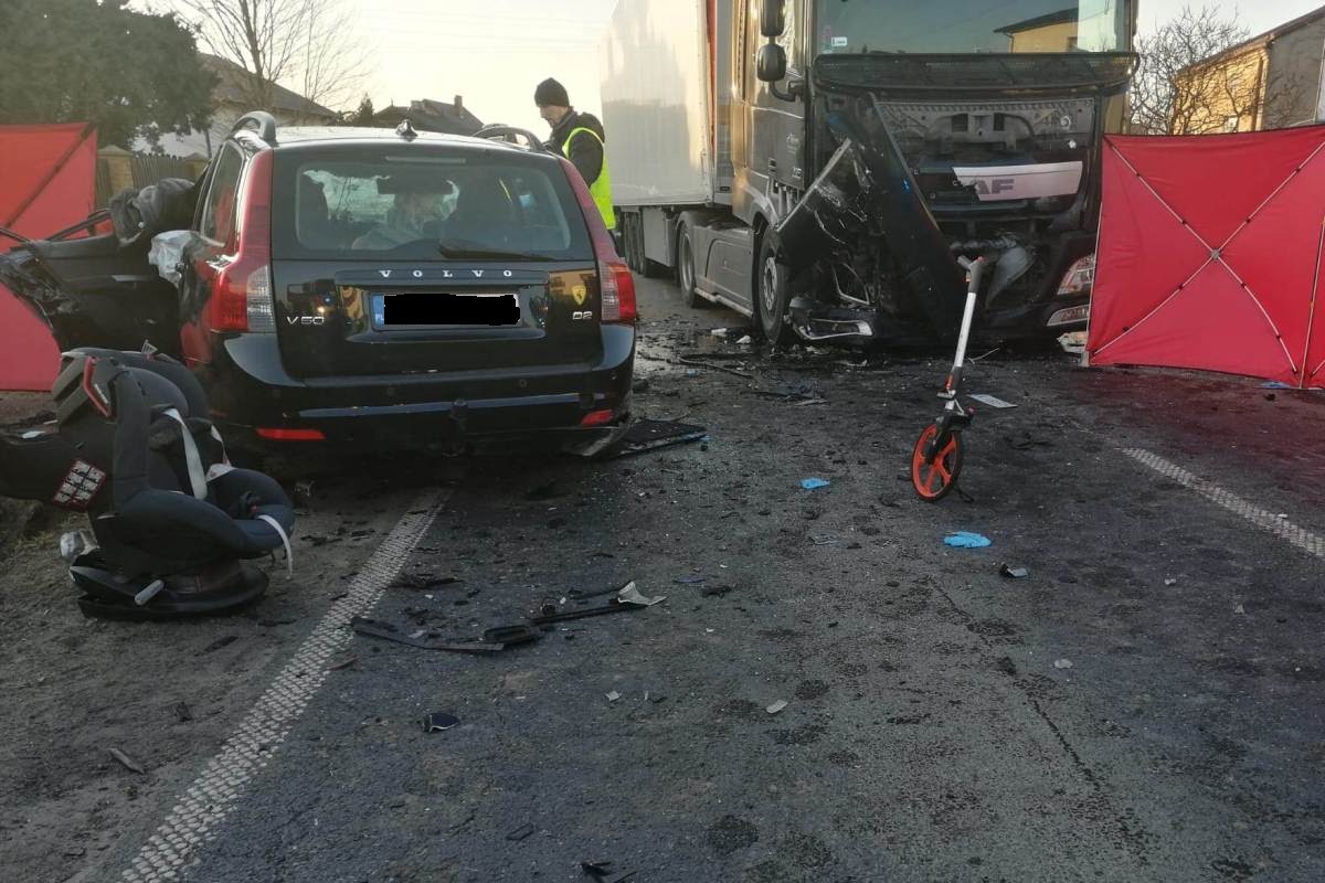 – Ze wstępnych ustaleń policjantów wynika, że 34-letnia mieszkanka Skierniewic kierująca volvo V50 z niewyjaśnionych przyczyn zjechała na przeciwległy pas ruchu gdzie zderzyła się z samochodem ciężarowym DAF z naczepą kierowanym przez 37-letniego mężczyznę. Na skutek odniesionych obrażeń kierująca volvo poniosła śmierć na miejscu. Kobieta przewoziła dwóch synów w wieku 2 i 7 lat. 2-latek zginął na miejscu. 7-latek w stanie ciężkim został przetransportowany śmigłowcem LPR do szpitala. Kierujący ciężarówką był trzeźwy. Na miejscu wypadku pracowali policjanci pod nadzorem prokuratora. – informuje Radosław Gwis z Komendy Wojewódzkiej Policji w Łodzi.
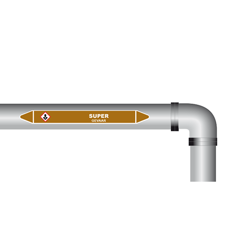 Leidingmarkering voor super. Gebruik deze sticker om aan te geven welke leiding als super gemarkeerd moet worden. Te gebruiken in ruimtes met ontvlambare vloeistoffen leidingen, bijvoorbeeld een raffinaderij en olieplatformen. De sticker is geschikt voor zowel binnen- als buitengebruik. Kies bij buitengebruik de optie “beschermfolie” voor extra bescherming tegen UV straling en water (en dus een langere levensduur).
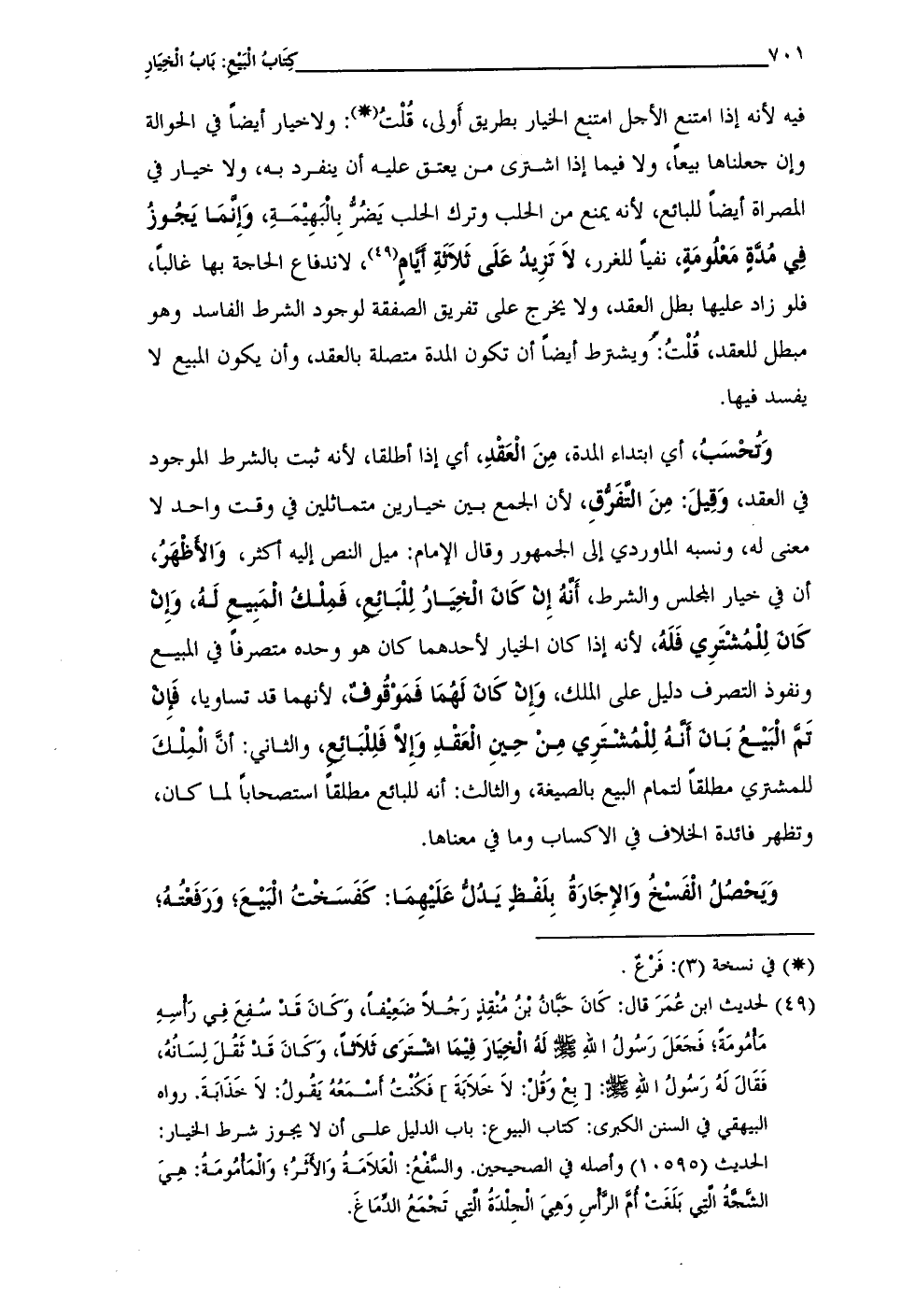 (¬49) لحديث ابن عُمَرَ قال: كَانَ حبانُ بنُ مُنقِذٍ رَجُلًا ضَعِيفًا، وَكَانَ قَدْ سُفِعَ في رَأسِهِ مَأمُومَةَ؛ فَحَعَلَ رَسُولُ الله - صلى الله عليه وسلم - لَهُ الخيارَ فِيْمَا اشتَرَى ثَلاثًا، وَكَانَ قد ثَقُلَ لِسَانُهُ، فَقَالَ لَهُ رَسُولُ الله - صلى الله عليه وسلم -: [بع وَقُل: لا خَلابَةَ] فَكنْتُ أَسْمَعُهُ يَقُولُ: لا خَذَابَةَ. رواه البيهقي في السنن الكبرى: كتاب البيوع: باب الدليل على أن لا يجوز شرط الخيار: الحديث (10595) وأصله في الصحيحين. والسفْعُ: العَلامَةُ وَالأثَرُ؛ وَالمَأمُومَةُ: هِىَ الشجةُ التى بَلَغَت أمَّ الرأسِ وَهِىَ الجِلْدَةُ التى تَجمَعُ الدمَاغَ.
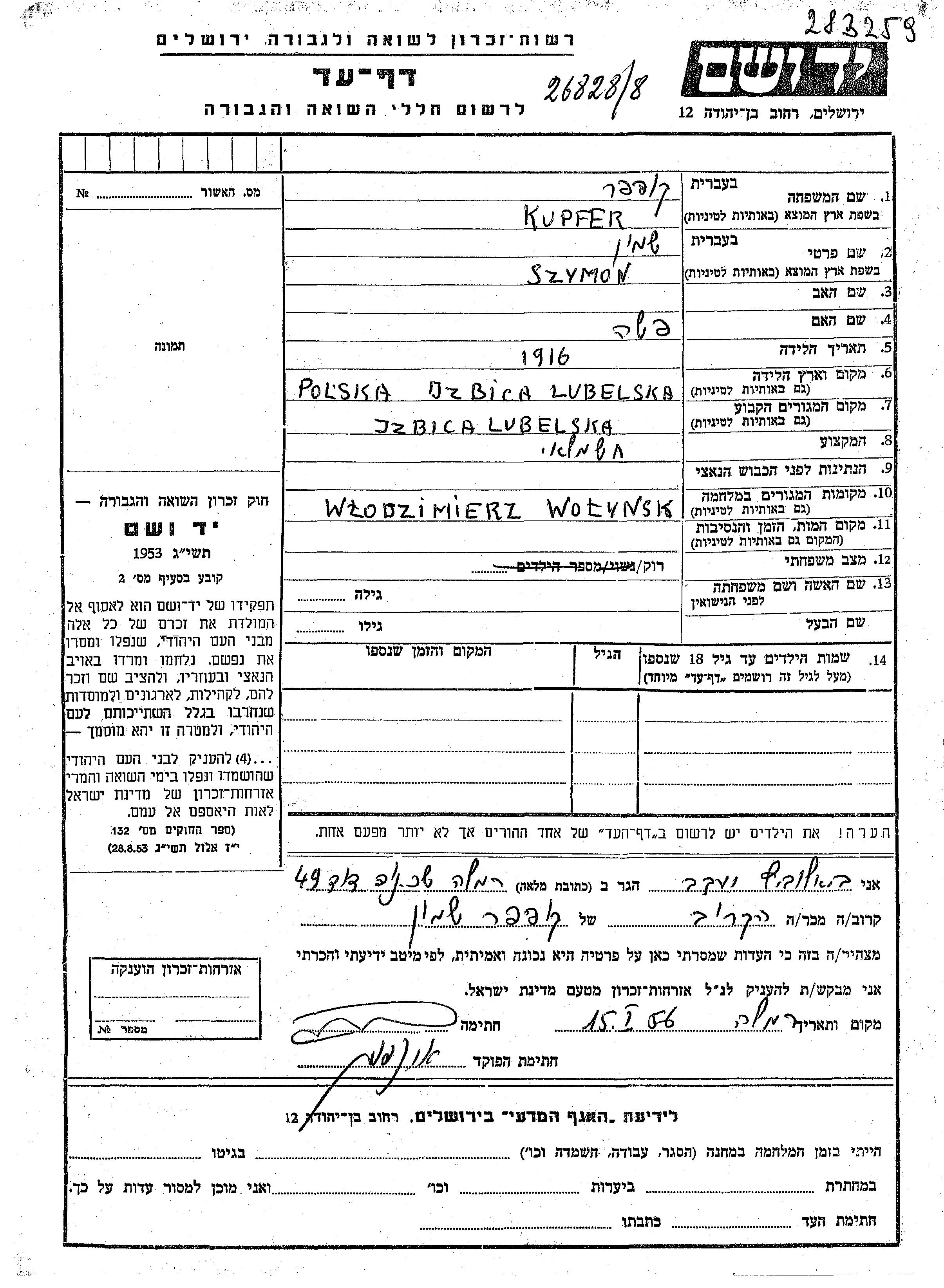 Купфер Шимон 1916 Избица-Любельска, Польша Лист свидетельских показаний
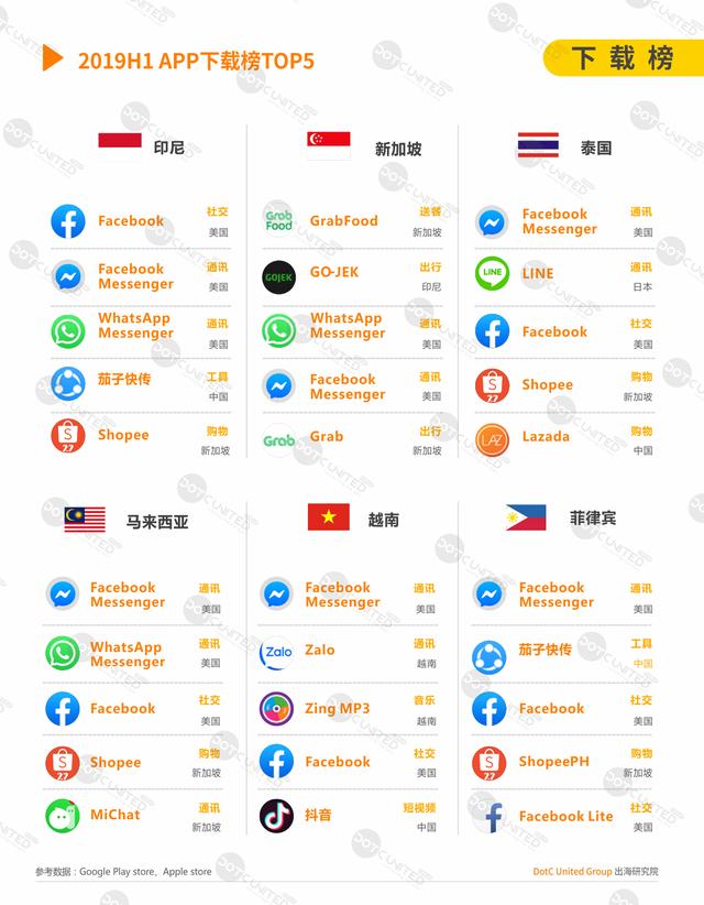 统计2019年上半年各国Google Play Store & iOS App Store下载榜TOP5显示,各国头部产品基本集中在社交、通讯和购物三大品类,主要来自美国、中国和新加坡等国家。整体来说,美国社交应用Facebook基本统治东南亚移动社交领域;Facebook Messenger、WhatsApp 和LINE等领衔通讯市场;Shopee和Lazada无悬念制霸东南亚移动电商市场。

Problem requirements:
Beginning with the line that contains "Leidingmarkering voor super." and ending with the line that contains "Купфер Шимон 1916", reproduce the listing exactly, pictures excluded.

Exercise solution:
 Leidingmarkering voor super. Gebruik deze sticker om aan te geven welke leiding als super gemarkeerd moet worden. Te gebruiken in ruimtes met ontvlambare vloeistoffen leidingen, bijvoorbeeld een raffinaderij en olieplatformen. De sticker is geschikt voor zowel binnen- als buitengebruik. Kies bij buitengebruik de optie “beschermfolie” voor extra bescherming tegen UV straling en water (en dus een langere levensduur).
 (¬49) لحديث ابن عُمَرَ قال: كَانَ حبانُ بنُ مُنقِذٍ رَجُلًا ضَعِيفًا، وَكَانَ قَدْ سُفِعَ في رَأسِهِ مَأمُومَةَ؛ فَحَعَلَ رَسُولُ الله - صلى الله عليه وسلم - لَهُ الخيارَ فِيْمَا اشتَرَى ثَلاثًا، وَكَانَ قد ثَقُلَ لِسَانُهُ، فَقَالَ لَهُ رَسُولُ الله - صلى الله عليه وسلم -: [بع وَقُل: لا خَلابَةَ] فَكنْتُ أَسْمَعُهُ يَقُولُ: لا خَذَابَةَ. رواه البيهقي في السنن الكبرى: كتاب البيوع: باب الدليل على أن لا يجوز شرط الخيار: الحديث (10595) وأصله في الصحيحين. والسفْعُ: العَلامَةُ وَالأثَرُ؛ وَالمَأمُومَةُ: هِىَ الشجةُ التى بَلَغَت أمَّ الرأسِ وَهِىَ الجِلْدَةُ التى تَجمَعُ الدمَاغَ.
 Купфер Шимон 1916 Избица-Любельска, Польша Лист свидетельских показаний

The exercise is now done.